BAE Fairchild Imaging sends email invitations to its Photonics West booth on Feb 2-6, 2014, saying:

"We will be launching our next generation of sCMOS high performance CMOS image sensors: sCMOS 2.0. With the launch of sCMOS 2.0, we will bring the best of image sensor technologies that are ideally suited for the scientific camera market."

Thanks to BP for the info!


  1. Does that mean sCMOS 1.0 will go cheaper ? :)

  2. sCMOS 2.0 is cheaper and better. the rumor says that this version is made by TSMC instead of Towers, so the DC and 1/f noise is much lower.

    1. What do you mean by DC noise?

    2. Is cheaper while still unannounced? Will a small mono sCMOS2 camera fit under 1000 EUR/USD instead of 10 000 ? :)

    3. You buy a black magic camera at 999$. So the sensor used inside should be very cheap.

  3. Presumably, "DC" refers to "Dark Current".

  4. I thought SCMOS was always made in TSMC

  5. * To my knowledge, all sCMOS sensors are made by TSMC.
    * the black magic camera for 999$ has just HD resolution, meaning it is the small chip, nevertheless to achieve that price tag, they must have ordered more than a couple of 1000 pcs.
    * I doubt that sCMOS 2.0 will be cheaper, better it should be
    * sensorwise you can be sure that sCMOS 2.0 will be more expensive than sCMOS 1.0 (and it'll be only the RS version with the square resolution

    1. How is having only a rolling shutter better? Isn't a global-shutter capability a major selling point (and virtually essential) for a scientific/industrial sensor?

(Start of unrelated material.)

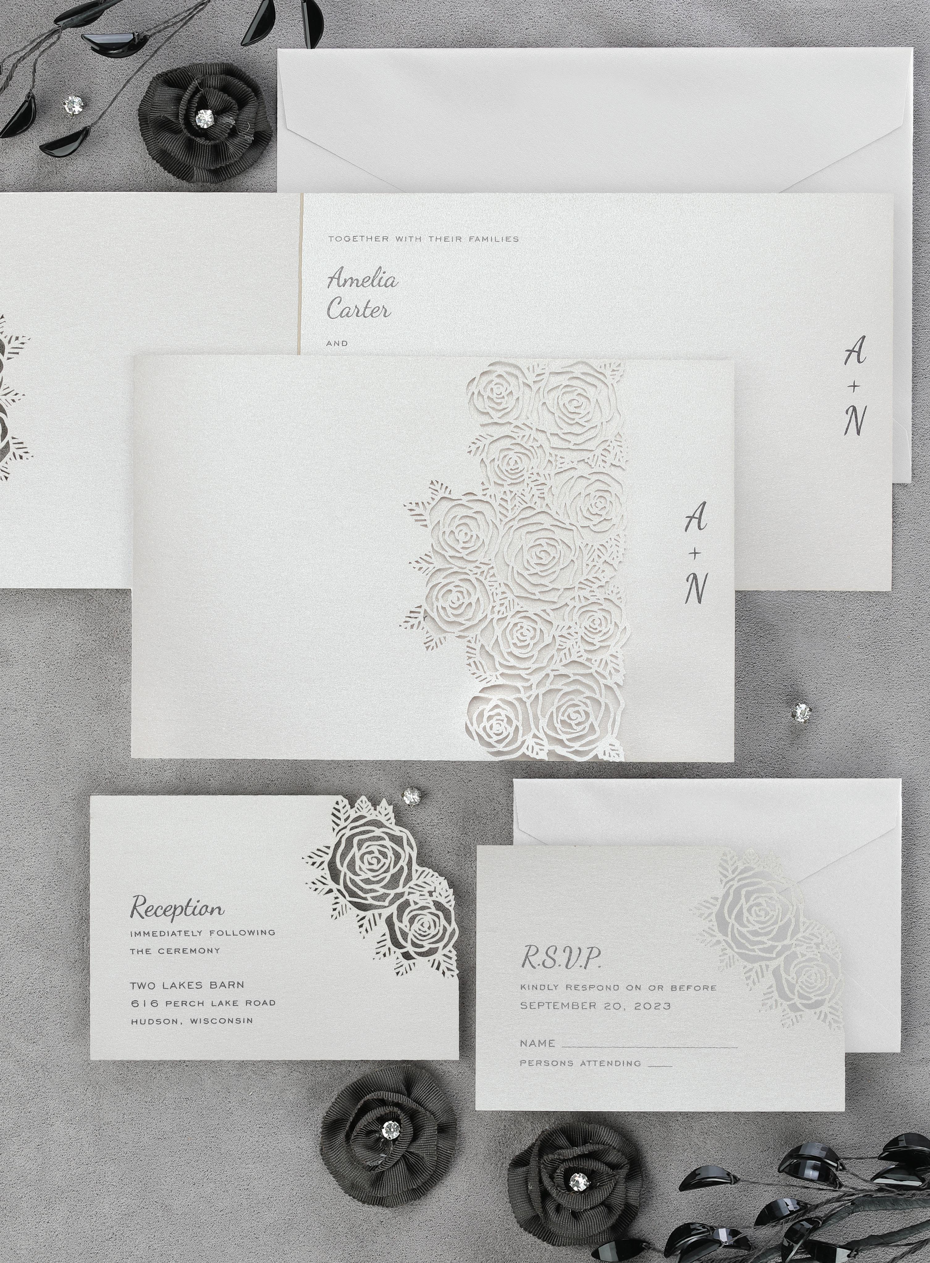 Couples seeking simple elegance will love the Classic Collection. These invitations make an impressive statement with timeless, refined pieces and stylish extras like detailed embossing, sophisticated borders, deckled edges and foil stamping. Be sure to check out the translucent vellum wrap on page 7 and the laser cut rose design on page 13!

  6. Fairchild announced the first in a series of sCMOS 2.0 devices the first of which is the CIS 2020, a 2048 x 2048, 4/3in device at Photonics West 2014.

    In this PDF Andor says:

    ‘Gen I’ vs ‘Gen II’ sCMOS ?

    It has been noted with interest that another prominent player in the
    sCMOS field has opted to apply the term ‘Gen II’ to a 4T (4 transistor)
    variant of the low noise pixel architecture. This particular sensor
    is utilized also in the Zyla 4.2 model. While a 4T design can be
    considered beneficial in affording an improved Quantum Efficiency
    response, it does so at the expense of Global shutter capability, thus
    limiting application flexibility and synchronization performance.

    In the author’s opinion, it is misleading to apply an aggressive ‘Gen
    II’ marketing label to such a sensor variant, when both 4T (Rolling
    shutter) and 5T (Global shutter) CMOS concepts have been around
    for some time and are extremely well documented. The two sensor
    types are no more than design variations, offering distinct pros and
    cons that must be considered from an application context.
    " .

    The Marketing Term, "sCMOS 2.0", is being discounted (by Andor) as it implies a newer generation; the so-called "sCMOS 2.0" is an improvement to 4T (which is not new).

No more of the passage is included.